SolidWorks has been systematically revising its user interface over the past several releases, and SolidWorks 2001 is the culmination of those efforts. Virtually all dialog boxes have been replaced by an updated Property Manager that contains all design properties and parameters in a panel area adjacent to the model.
The new release also adds context-sensitive callouts that appear within the model or drawing display. These help distinguish between different entities and provide information, such as extrusion depth or fillet radius, that can be changed directly on screen. New handles enable you to click and dynamically move to change parameters.
The revised Property Manager provides buttons for confirming or canceling an action. These are repeated in the new Confirmation Corner, a large graphical indicator in the upper-right-hand corner of the drawing window. When a user is sketching, this area changes to an Exit Sketch icon. Little touches such as these make it easier to work in SolidWorks 2001.
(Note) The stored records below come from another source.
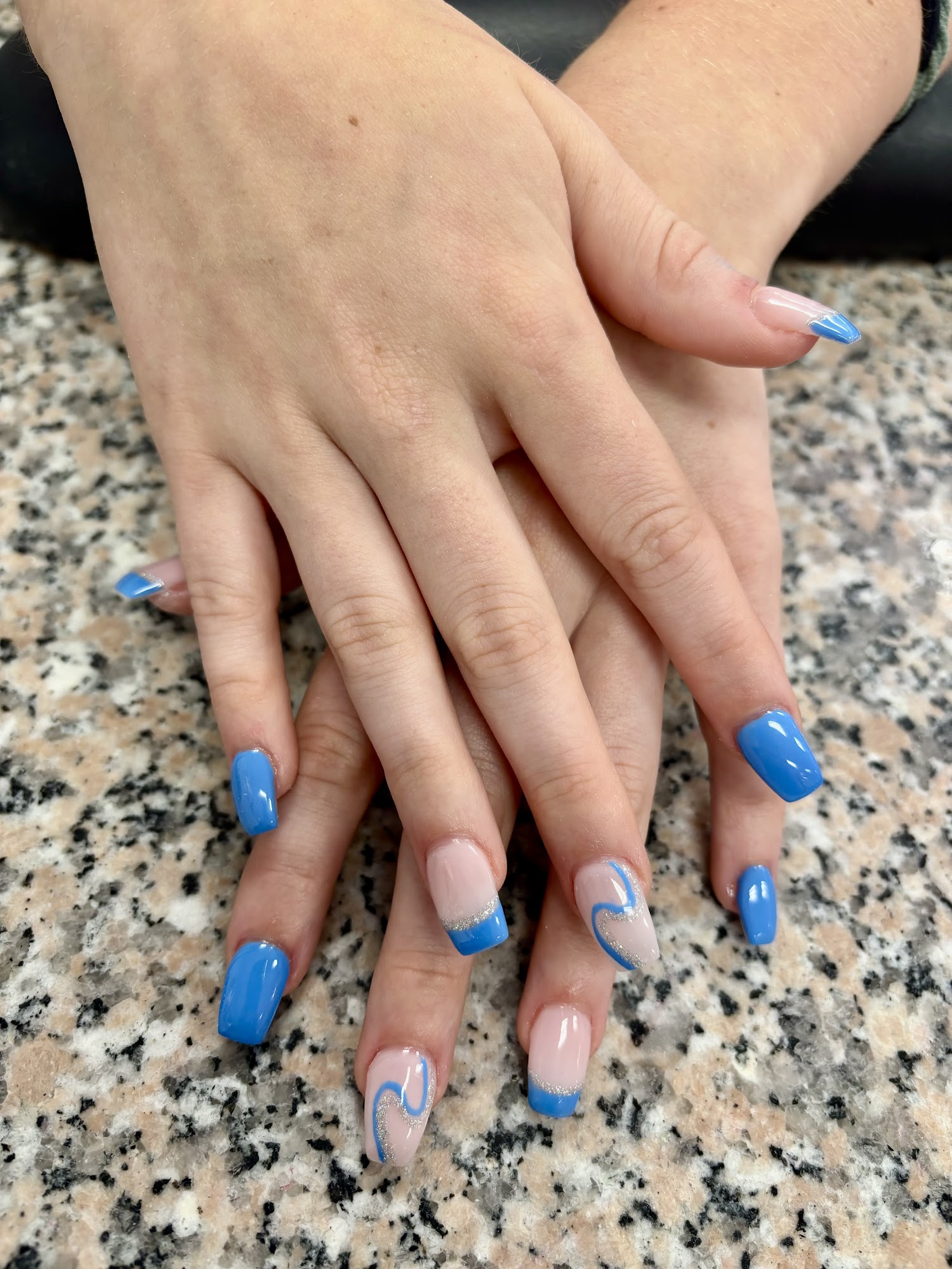 I will not go to another nail salon! Duke is the man and is magic! It’s always quality work and people when you come in! The multicolored set is the one i just got and the orange and blue is the last set! Definitely go see my man Duke!!!!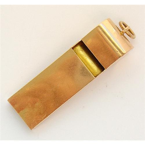 Vintage whistle of pink gold. The simplicity of the streamlined design is outstanding. Lightly fluted at the mouthpiece, the whistle tapers like a musical note. A hanging ring is linked to the resonance chamber. There is superficial abrasion and slight dent that is within the realm of normal wear for an item of this age.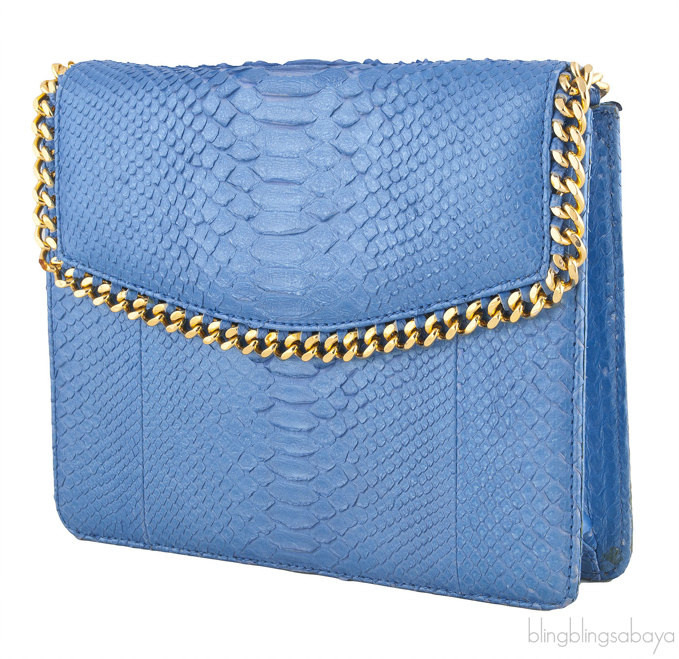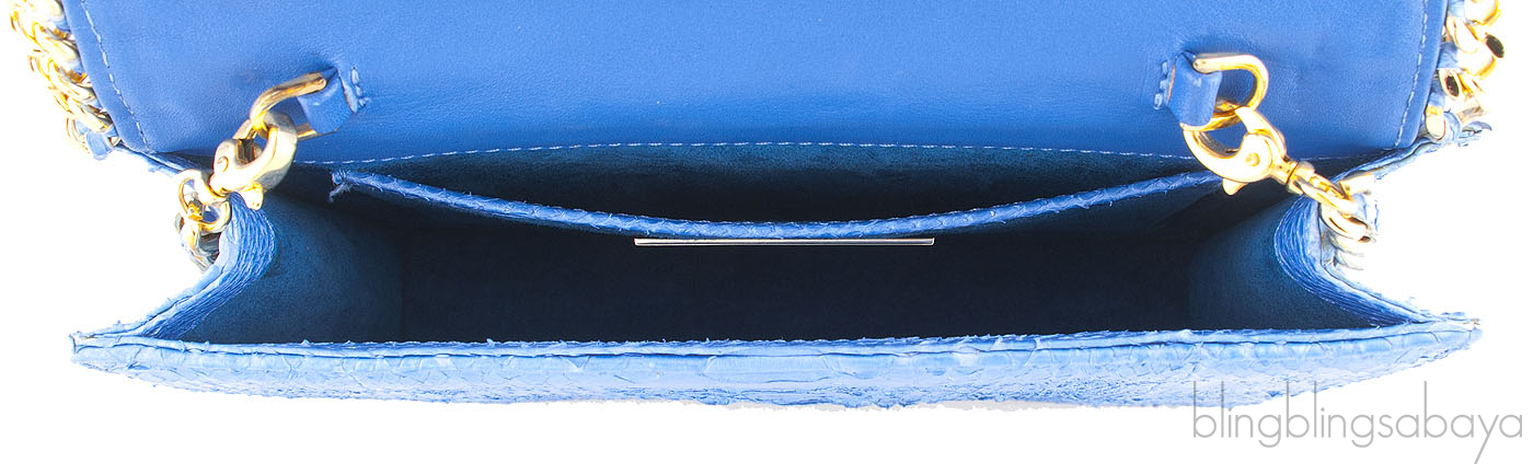 A glamorous piece that will mesmerize the people around you. This Cashhimi metallic blue python Shoulder clutch is a fabulous bag that features a clutch bag trimmed with golden chain inspired design in a python leather on the outside and suede leather on the interior.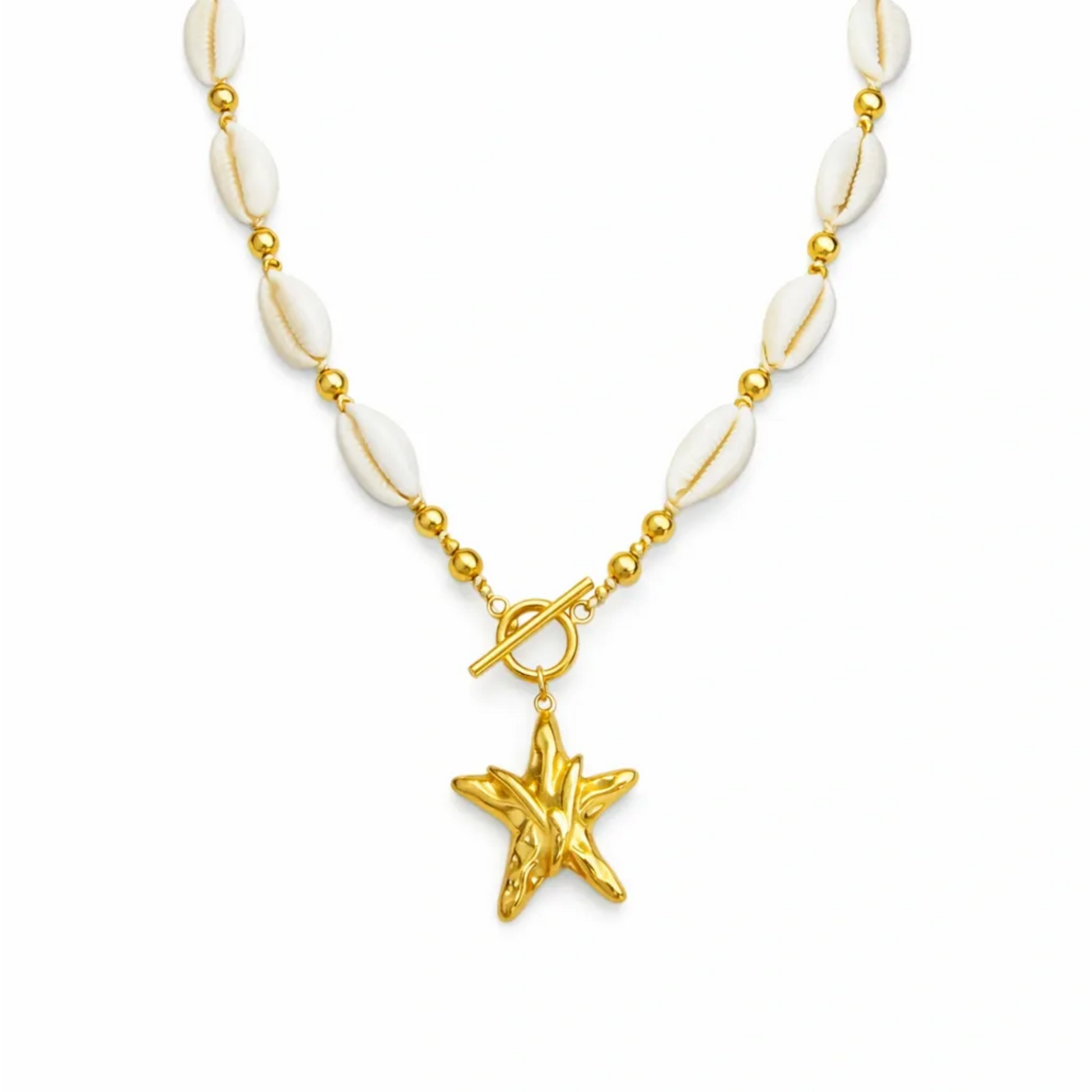 Un collar que captura el espíritu del mar con conchas naturales y un dije dorado de estrella de mar. El broche tipo toggle en el centro aporta un toque moderno y práctico para lucirlo al frente. Ideal para llevar en vacaciones o como un detalle costero en tu día a día.
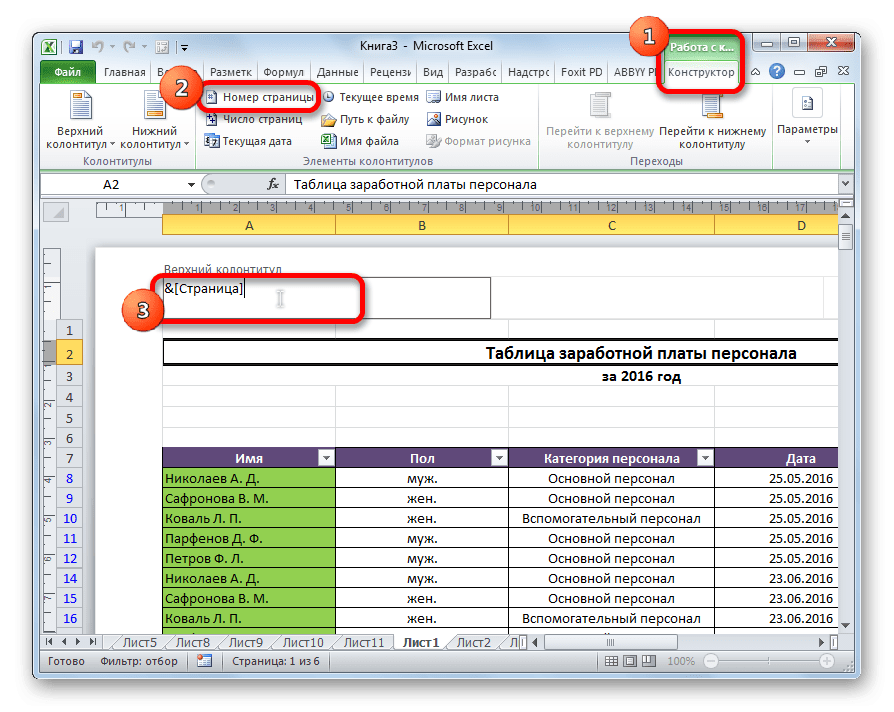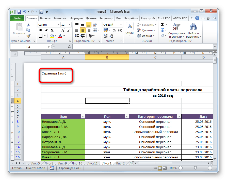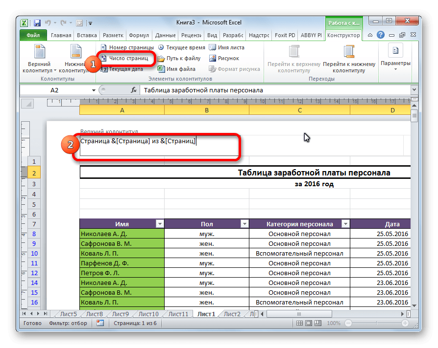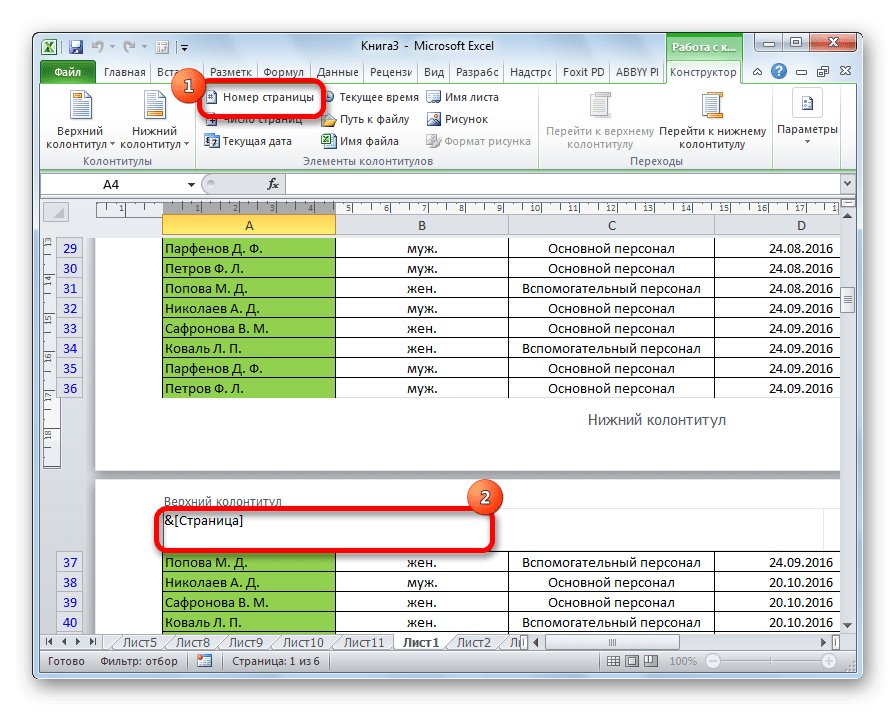 Вы можете нумеровать страницы в Excel, используя верхние и нижние колонтитулы. По умолчанию они скрыты, расположены в нижней и верхней областях листа. Его особенность в том, что записи, вносимые в эту область, являются сквозными, то есть отображаются на всех страницах документа.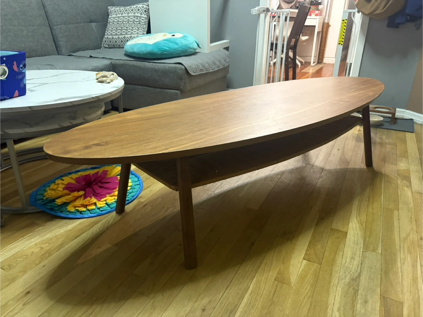 Selling a West Elm mid-century modern coffee table! It's in great shape and would look great in any living room. It has a unique oval shape and a lower shelf for storage or decor. The wood finish is warm and inviting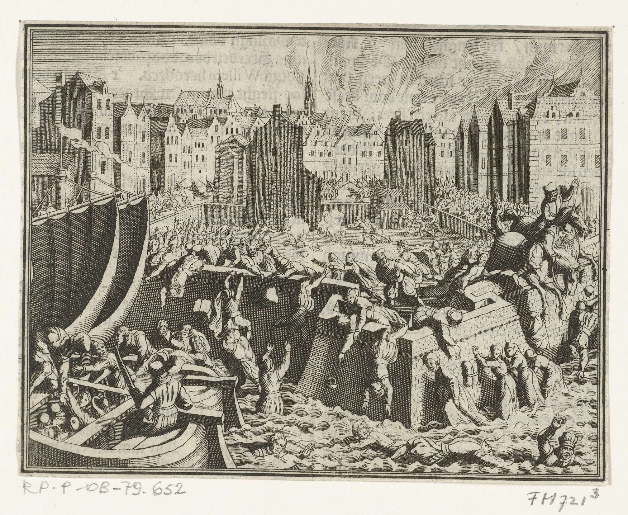 Spaanse Furie te Antwerpen, 4-7 november 1576. In een poging aan het geweld te ontsnappen springen Antwerpenaren in de Schelde en proberen te vluchten in bootjes. Bedrukt op achterzijde met tekst in het Nederlands.

In its last major revision, SolidWorks concentrated on improvements to sketching and surfacing. This time, the product offers more powerful part, feature, and assembly modeling capabilities. Users can create sweeps with multiple contours, and a new thin feature option enables the creation of sweeps and lofts with thin walls in a single step. These two capabilities make it easier than ever to create complex tube and pipe shapes.
A new tangency control also enables you to control the tangency magnitude between sketches, faces, or edges on surfaces when lofting. When creating feature patterns, you can now skip pattern instances when building the pattern. In the past, you had to create the feature pattern, then delete pattern instances individually.